Maybe we'll get some awesome FOSS tech out of its ashes?

louiereederson|2 months ago

i think the most important part of google vs openai is slowing usage of consumer LLMs. people focus on gemini's growth, but overall LLM MAUs and time spent is stabilizing. in aggregate it looks like a complete s-curve. you can kind of see it in the table in the link below but more obvious when you have the sensortower data for both MAUs and time spent.

the reason this matters is slowing velocity raises the risk of featurization, which undermines LLMs as a category in consumer. cost efficiency of the flash models reinforces this as google can embed LLM functionality into search (noting search-like is probably 50% of chatgpt usage per their july user study). i think model capability was saturated for the average consumer use case months ago, if not longer, so distribution is really what matters, and search dwarfs LLMs in this respect.

https://techcrunch.com/2025/12/05/chatgpts-user-growth-has-s...

aswegs8|2 months ago

Not sure why they just not replicate the workflow that nano banana pro uses. It lets the thinking model generate a detailed description and then renders that image. When I use ChatGPT thinking model and render an image I also get pretty good results. It's not as creative or flexible as nano banana pro, but it produces really useful results.

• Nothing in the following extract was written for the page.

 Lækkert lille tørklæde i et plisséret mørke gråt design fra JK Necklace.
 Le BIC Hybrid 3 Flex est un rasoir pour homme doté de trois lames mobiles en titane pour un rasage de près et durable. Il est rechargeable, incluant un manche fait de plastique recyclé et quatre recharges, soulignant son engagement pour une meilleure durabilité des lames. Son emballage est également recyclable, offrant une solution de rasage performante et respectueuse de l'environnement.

random9749832|2 months ago

This is obviously trained on Pro 3 outputs for benchmaxxing.

CuriouslyC|2 months ago

Not trained on pro, distilled from it.

NitpickLawyer|2 months ago

> for benchmaxxing.

Out of all the big4 labs, google is the last I'd suspect of benchmaxxing. Their models have generally underbenched and overdelivered in real world tasks, for me, ever since 2.5 pro came out.

encroach|2 months ago

OAI's latest image model outperforms Google's in LMArena in both image generation and image editing. So even though some people may prefer nano banana pro in their own anecdotal tests, the average person prefers GPT image 1.5 in blind evaluations.

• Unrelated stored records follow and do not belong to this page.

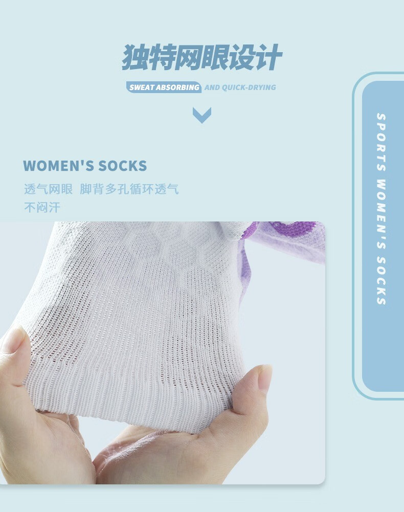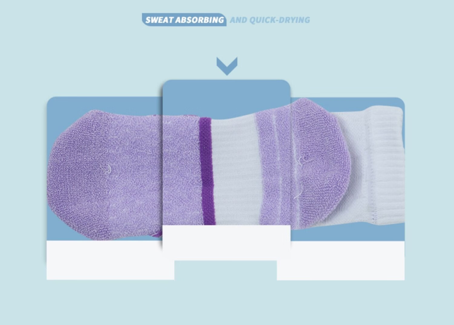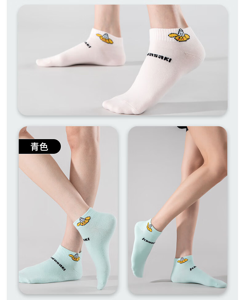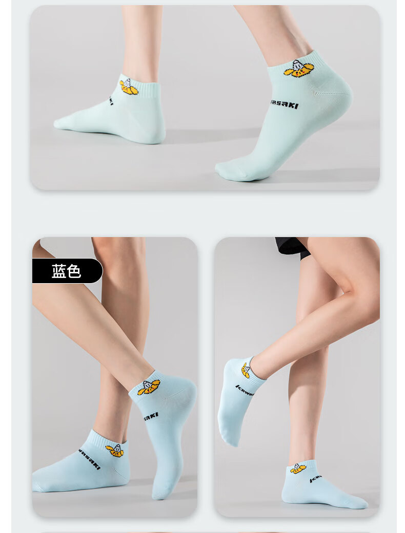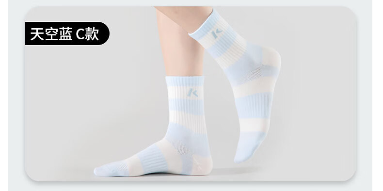 川崎(KAWASAKI)羽毛球运动袜女款跑步健身中短女袜子毛巾底吸汗透气3双装 R237D蓝/粉/紫(3双装)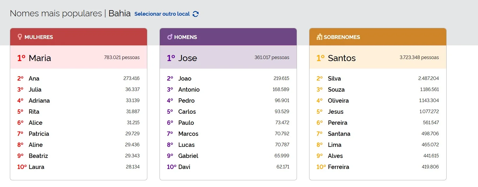 Na Bahia, são 783.021 pessoas com o nome de Maria. Com José, são 361.017. Ana, Julia, Adriana e Rita completam a lista dos cinco nomes mais comuns, entre as mulheres, no estado. João, Antônio, Pedro e Carlos são, ainda, os mais comuns entre os homens. Já o sobrenome Santos aparece em 3.723.348 pessoas. Silva, Souza, Oliveira e Jesus completam o dado.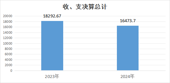 2024年度收入、支出总计均为16473.7万元。与2023年度相比,收入、支出总计各减少1818.97万元,下降9.94%。主要变动原因是医疗收入下降,各项开支缩减。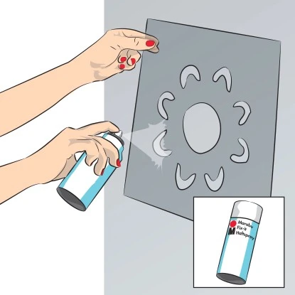 Der Malgrund muss sauber, fettfrei und trocken sein. Sprühen Sie die Schablone mit dem Marabu Schablonen-Haftspray aus einer Entfernung von ca. 30 cm ein. Achten Sie auf gleichmäßiges auftragen. Bei zu starker Nässe, durch zu viel Haftspray, sollten Sie die Schablone auslüften lassen oder abtupfen und erneut besprühen!

https://lmarena.ai/leaderboard/text-to-image

https://lmarena.ai/leaderboard/image-edit

Obertr|2 months ago

Add This to Gemini distribution which is being adcertised by Google in all of their products, and average Joe will pick the sneakers at the shelf near the checkout rather than healthier option in the back

nightski|2 months ago

Google has incredible tech. The problem is and always has been their products. Not only are they generally designed to be anti-consumer, but they go out of their way to make it as hard as possible. The debacle with Antigravity exfiltrating data is just one of countless.

novok|2 months ago

The Antigravity case feels like a pure bug and them rushing to market. They had a bunch of other bugs showing that. That is not anti-consumer or making it difficult.